Great! Now both irc and site force it. NSA won't be able to read our chats about taking over the government and creating a new one based around the #mopar channel.

i don't understand why people think that a low, even non-existent, probability of being spied on warrants the dismissal of security altogether, especially if it doesn't/hardly inconveniences the end-user.

yeah, because having https be a default, even though optional, feature, instead of being mandatory, is the same thing as a complete dismissal of security

Quote from: Davidi2 on October 23, 2015, 07:52:42 PM

Quote from: t4 on October 23, 2015, 07:38:53 PM

i don't understand why people think that a low, even non-existent, probability of being spied on warrants the dismissal of security altogether, especially if it doesn't/hardly inconveniences the end-user.

yeah, because having https be a default, even though optional, feature, instead of being mandatory, is the same thing as a complete dismissal of security

So you're suggesting that it should be up to the user to enable secure transmissions?

Yes, that is exactly what I'm saying. Or rather, users should be able to disable it if they wish. If the option is there, im pretty sure any modern browser will default to https.

Awesome

You guys who want it to be optional need to appreciate the benefits of HTTPS-everywhere internet. Namely the gross amount of noise created to assist in obscuring the transmissions of people living under less fortunate regimes.

Soon Moparscape will be illegal under the current Cameron regime.

No one has an answer to that question because there is no valid answer. These people start with a shitty argument, maybe re-state the shitty argument a bit, make some jokes and/or personal attacks, and then just stop posting. I really don't understand their thought process.. maybe it's government brainwashing??

Maybe it's Maybelline.

For anyone wanting it to be optional I'd ask this honest question, and I really do want an answer:

Why?

I see absolutely no reason for any website to offer http instead https anymore, as far as I can tell there aren't any downsides, and there are a bunch of upsides.  For example HTTP/2, Brotli compression, and probably all new features in the future will only be supported over https anyhow.

Ok, you can ask "Why?", but the exact same can be asked about not supporting HTTP as a fallback. Why? Nobody is denying the upsides of HTTPS here. You can keep it enabled and it'll stay default. But still, I see absolutely no reason for this website (and I do use 'this' on purpose, because some websites should force https) to not offer http as an option if https is already enabled and default. As far as I can tell, there aren't any downsides, and it's a good fallback if for some reason we have a cert problem and everyone wont be able to view the site because "THIS CONNECTION IS UNTRUSTED"

Also, I don't think the content of the data has any bearing of whether or not to implement and enforce security.

Really?
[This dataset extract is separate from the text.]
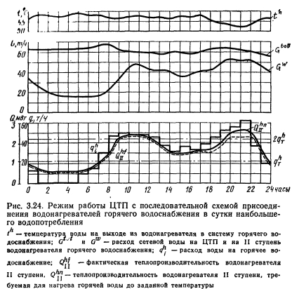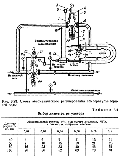 АВТОМАТИЧЕСКОЕ РЕГУЛИРОВАНИЕ НАГРЕВА ГОРЯЧЕЙ ВОДЫ В ВОДОНАГРЕВАТЕЛЯХЗадачей автоматического регулирования является поддержание постоянной заданной температуры воды на выходе из водонагревателя независимо от изменения температуры греющей воды и интенсивности водоразбора. Обычно такое регулирование осуществляется с использованием гидравлических и электронных регуляторов изменением количества греющей воды. В Москве наиболее широкое распространение получили гидравлические регуляторы температуры воды прямого действия. Регулятор температуры воды конструкции Теплосети Мосэнерго состоит из регулятора прямого действия типа РР (регулирующий клапан) и биметаллического реле типа ТРБ-2. Регулятор работает под действием давления воды из тепловой сети или из водопровода. Более стабильное давление обычно имеется в подающем трубопроводе тепловой сети. В этом случае отбор воды обычно производится до регулирующего клапана. На рис. 3.23 приведена типовая схема установки регулятора температуры, применяемая в Теплосети Мосэнерго. Регулятор состоит из корпуса 1 с двумя крышками, однощельного клапана 6, соединенного штоком 5 с донником сильфона 4У и пружины 7 с натяжным приспособлением 5. Площадь сильфона примерно равна расчетной площади клапана, поэтому на него не воздействует давление воды перед регулятором. Давление воды после регулятора создает усилие на клапан, которое стремится поднять его вверх. Этому усилию противодействуют пружина 7 и давление, оказываемое рабочей жидкостью на сильфон. При максимальном давлении воды на сильфон клапан открыт, при сообщении надсильфонной камеры с атмосферным давлением — клапан закрыт. Для увеличения или уменьшения расхода воды через клапан при установившихся давлениях за клапаном и действующих на сильфон, натягивают или ослабляют пружину, вращая натяжное приспособление соответственно по часовой стрелке или против часовой стрелки. Диаметр исполнительно-регулирующего устройства регулятора выбирают в зависимости от максимального расхода сетевой воды и допустимой потери давления в полностью открытом клапане по табл. 3.4. ![]() Допустимые потери давления в клапане определяют в зависимости от разности напоров на тепловом пункте и схемы включения водонагревателя. Минимальные допустимые потери давления характерны для двухступенчатой последовательной схемы включения водонагревателей, максимальные — для параллельной и двухступенчатой смешанной схем. Если двухступенчатая установка горячего водоснабжения может работать как по последовательной, так и по смешанной схеме, то диаметр регуляторов выбирают из расчета их работы по последовательной схеме, т. е. на меньшую потерю давления в регулирующем клапане. Пример 6. Двухступенчатый воднагреватель горячего водоснабжения включен по последовательной схеме. Максимум расхода сетевой воды на горячее водоснабжение составляет 20т/ч, при этом потери давления в водонагревателе равны 0,04 МПа. Действительный перепад давлений на тепловом пункте 0,26 МПа, требуемый перепад перед элеватором 0,2 МПа. Допустимые потери давления в клапане 0,26—0,2—0,04 =0,02 МПа. По табл. 3.4 выбираем регулятор РР-80. Реле ТРБ-2 (см. рис. 3.23) состоит из пучка биметаллических пластин 13, вставленных в герметическую латунную гильзу, которую помещают в поток нагреваемой воды. Одним конц

I personally believe you need to factor in everything when you weigh the pros/cons of implementing any type of security. Not every worksite needs ID badges and fingerprint scanners if the benefit doesn't outweigh the hassle. Obviously when you deal with more sensitive information, you implement more security, no? We'll just assume you were speaking strictly about TLS though, because like it's been said the hassle is pretty low and probably wont be noticeable if everything goes as it should. So yes, I think it's fair to say there is no reason to not implement SSL.
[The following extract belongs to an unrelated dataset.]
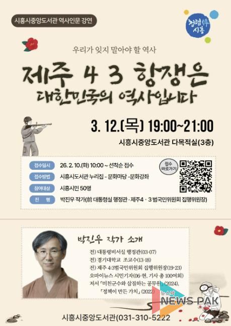 뉴스팍 배상미 기자 | 시흥시중앙도서관은 오는 3월 12일 오후 7시, 시민을 대상으로 역사 인문 강연 ‘제주 4ㆍ3항쟁은 대한민국의 역사입니다’를 운영한다.
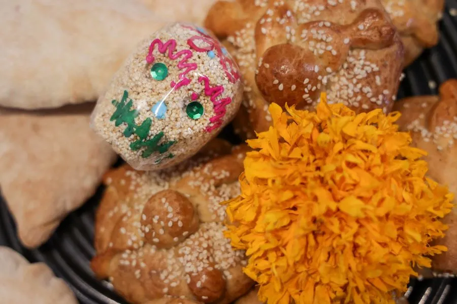 Pan de muerto: Simboliza el ciclo de la vida y la muerte, la bolita al centro significa el cráneo o corazón del difunto, mientras que las tiras son los huesos.

When you go from 'implement' to 'require' though, you have to reevaluate everything. You say "no negatives", but you listed one right there? If a cert expires, I don't really care whose problem it is, do I? Now it's my problem, because I can't access the website. Sure, it's not "directly" a negative of SSL, it's a negative of inattentiveness. Whatever. If only I had a HTTP version of the site to access in the meantime. So now we have one negative. We wont talk about any others because personally I don't know if the caching or ad-related mixed mode issues are still there. So now we weigh the benefits of enforcing TLS over allowing TLS, taking into account that it is used by default if available. What are those benefits? That's what I haven't heard yet, which why I am not yet convinced that the benefits of enforcing it outweigh even the slightest chance of something like an expired cert.


As a side note, I was getting NGINX errors when trying to access the site early today. What was that?

Hey, I said it was a slight chance. But even 0.00001 is greater than 0 if there's no benefit to enforcing over implementing it as a default. Which is what I'm asking about

the reason for enforcement is that there's no reason for *any* website to support unencrypted comms in 2015.

I guess I just disagree then. I see nothing wrong with supporting unencrypted comms in -insert year-, if that's what the client has explicitly requested. Whatever, it's done. I'm sure it wont actually cause problems, it's just a principle thing that I disagree with I guess.